Ce sont des milliers de petits moments d’impuissance comme celui décrit plus haut qui rythment désormais son quotidien. Incapacité d’honorer les traites de la voiture et de l’appartement, difficulté à remplir le caddie, impossibilité de prévoir quelques jours de vacances en famille, règlement in extremis des factures Lydec ou Redal, etc. Les éléments se sont déchaînés sur cette catégorie de Marocains. Pis, l’informatisation à outrance des circuits de paiement produit des situations où les gens sont traqués, harcelés pour la plus petite journée de retard sur une facture.
“Et que dire des grandes surfaces qui se repaissent de l’appauvrissement de la classe moyenne en maintenant des prix hors-sol, sans que le gouvernement n’intervienne?”
Les agios s’accumulent, les commissions de gestion de compte diverses et variées s’entassent comme une montagne, les dettes s’accroissent, et comme vient de le déplorer le Conseil de la concurrence, les prélèvements injustifiés sur le moindre paiement en ligne taillent des croupières dans les portefeuilles des salariés. Et que dire des grandes surfaces qui se repaissent de l’appauvrissement de la classe moyenne en maintenant des prix hors-sol, sans que le gouvernement n’intervienne. D’autant que l’inflation n’a jamais donné lieu à une hausse des salaires dans le secteur privé, profitant surtout aux grands groupes oligopolistiques qui dopent leurs marges sans que personne n’y trouve à redire.
En Europe, les Exécutifs mettent la pression sur les enseignes de grande distribution alimentaire afin qu’elles baissent leurs marges au bénéfice du consommateur. Ici, le sujet n’a jamais été mis sur la table. Le consommateur encaisse de plein fouet les anomalies de cette jungle libérale qu’est devenu notre pays, affranchi, hélas, de mécanismes de régulation rigoureux.
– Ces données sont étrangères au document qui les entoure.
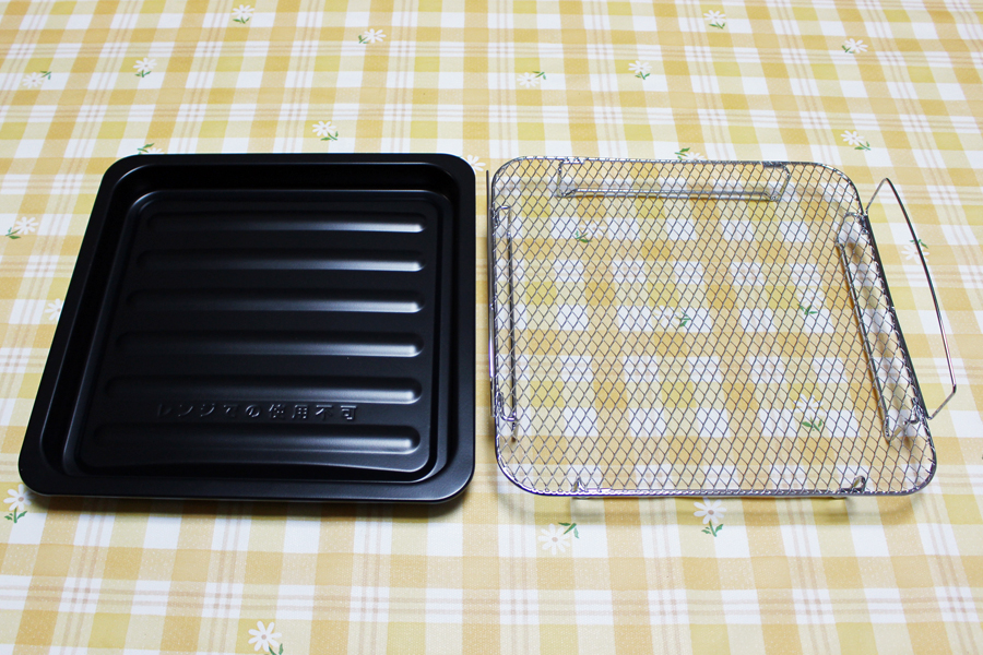 焼き網に食材を並べ、角皿の上に置きます。チーズのようなとろける可能性のあるものは、アルミホイルを敷くほうがいいそう
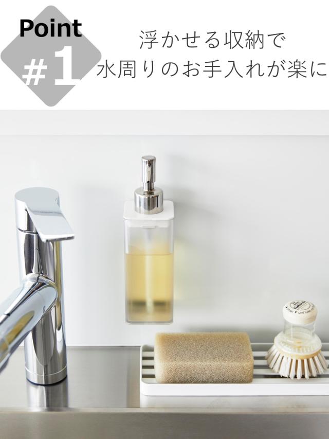 水まわりのお手入れを楽にしてくれる浮かせるディスペンサーです。シンクや洗面台にボトルが直接触れないので、ぬめりにくく清潔にお使いいただけます。
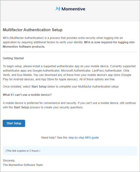 An email will be sent to you with a link to start the MFA setup.
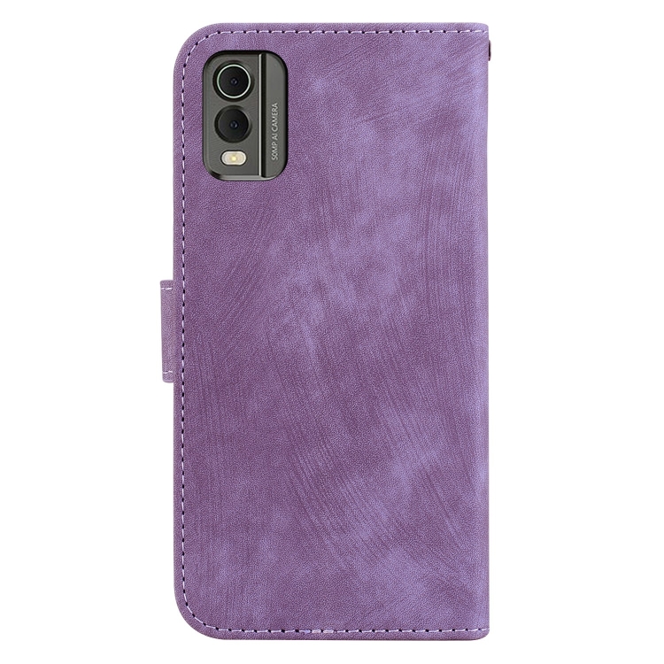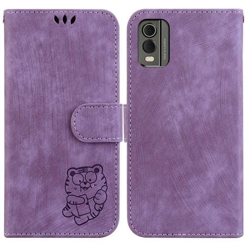 Funda de Cuero para Nokia C32 Little Tiger con Relieve (Púrpura)
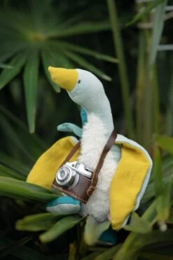 Le Voyage d’Olga est une collection composée de délicates peluches aux matières douces et agrémentées de broderies. Découvrez Plumette, la petite de la maman oie Olga : cette petite oie sauvage au doux plumage blanc avec des ailes en velours bleu grisé et en lin moutarde. Elle porte à son cou, des plumes, comme des grigris porte-bonheur à offrir lors de ses voyages. Cette peluche plaira aux petits voyageurs et voyageuses.

Dans le secteur bancaire, si les taux d’intérêt débiteurs ont crû à concurrence de la hausse du taux directeur de BAM, les instruments d’épargne de la classe moyenne offrent toujours des rendements ridicules. A peine 1,5% pour le compte sur carnet, soit, après ajustement à l’inflation, un taux réel négatif.
Mais comme la classe moyenne évolue dans la discrétion et n’est représentée ni par les syndicats ni bien entendu par le patronat, son épreuve passe sous silence. On peut le dire sans se tromper : elle aura agi à son corps défendant de variable d’ajustement aux politiques inégalitaires du gouvernement et servi de pare-chocs aux polycrises en cours. L’injustice dont elle fait l’objet n’intéresse simplement personne. Puisse ce texte modeste qui prend acte de son calvaire lui apporter un peu de baume au cœur. Faute de mieux.